-- Task statement --
Print the line that contains "You can see", then every line after it until the entries end, exactly as they read; do not include pictures.

-- Dataset records --
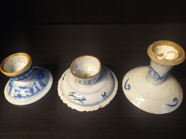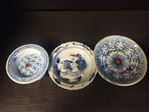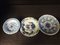 Tre alzatine in porcellana bianca e blu decorate, una con drago e le altre due motivi floreali (difetti)
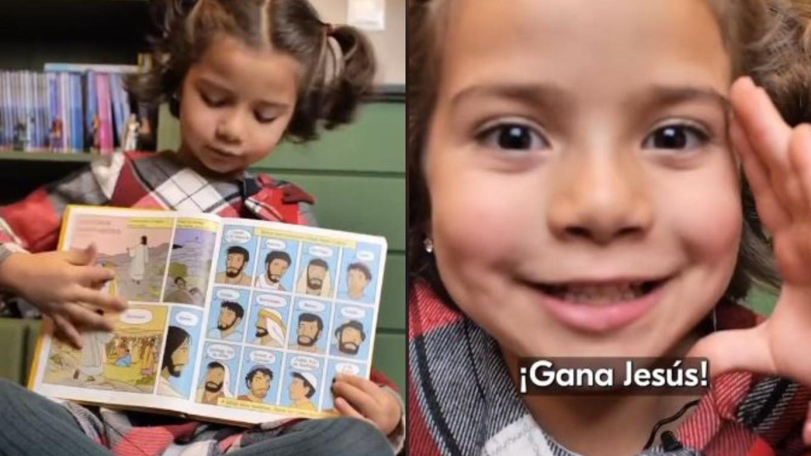 Con un “cómic” en la mano, la pequeña niña explica la peor batalla de Jesús que ocurrió en el desierto. “Se tuvo que enfrentar con el peor enemigo… ¿Doctor Octopus? ¿Magneto? No. El mismísimo diablo. ¡Spoiler! Gana Jesús”
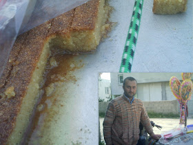 You can see in this photo that the Revani seems heavier, they have used more syrup the one above is a bit lighter.  This man was selling pieces of Revani off the back of his motor bike at the wedding I went to.
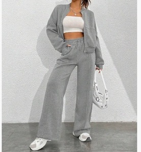 2025 新しいトレンドファッションカジュアル長袖ジッパーカーディガンスウェットシャツハイウエストルーズレースアップパンツスーツ 2 点セット
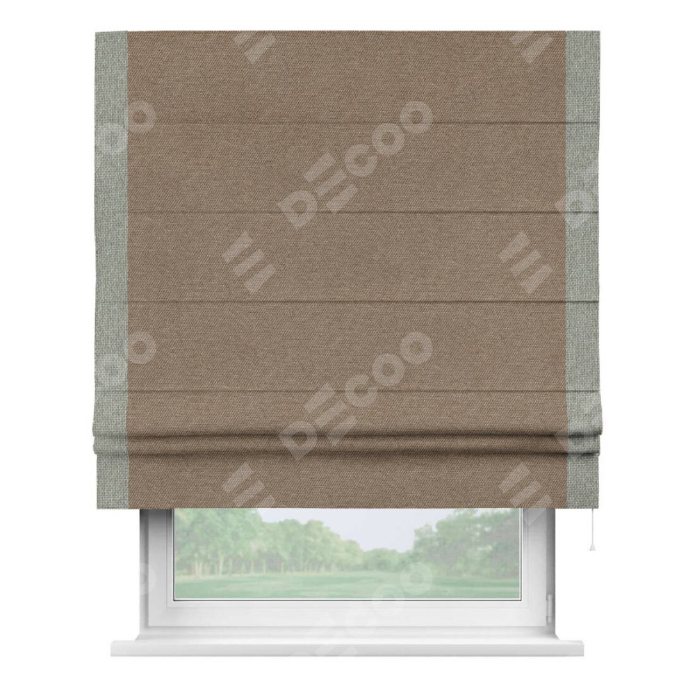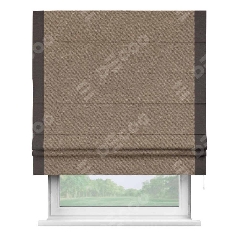 Римская штора «Кортин» для проема, лён димаут коричневый с кантом Стрим Дуо
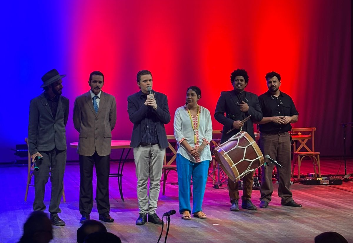 O espetáculo “Carlos Pena e Miró Cantam o Recife”, apresentado e dirigido por Ronaldo Correia de Brito, levou ao palco uma celebração sensível e potente da memória, da poesia e da identidade recifense durante a Fliporto 2025. A apresentação uniu teatro, música e declamação para construir uma experiência cênica que atravessou afetos e destacou a força cultural da cidade.

-- The completed task --
 You can see in this photo that the Revani seems heavier, they have used more syrup the one above is a bit lighter.  This man was selling pieces of Revani off the back of his motor bike at the wedding I went to.
 2025 新しいトレンドファッションカジュアル長袖ジッパーカーディガンスウェットシャツハイウエストルーズレースアップパンツスーツ 2 点セット
 Римская штора «Кортин» для проема, лён димаут коричневый с кантом Стрим Дуо
 O espetáculo “Carlos Pena e Miró Cantam o Recife”, apresentado e dirigido por Ronaldo Correia de Brito, levou ao palco uma celebração sensível e potente da memória, da poesia e da identidade recifense durante a Fliporto 2025. A apresentação uniu teatro, música e declamação para construir uma experiência cênica que atravessou afetos e destacou a força cultural da cidade.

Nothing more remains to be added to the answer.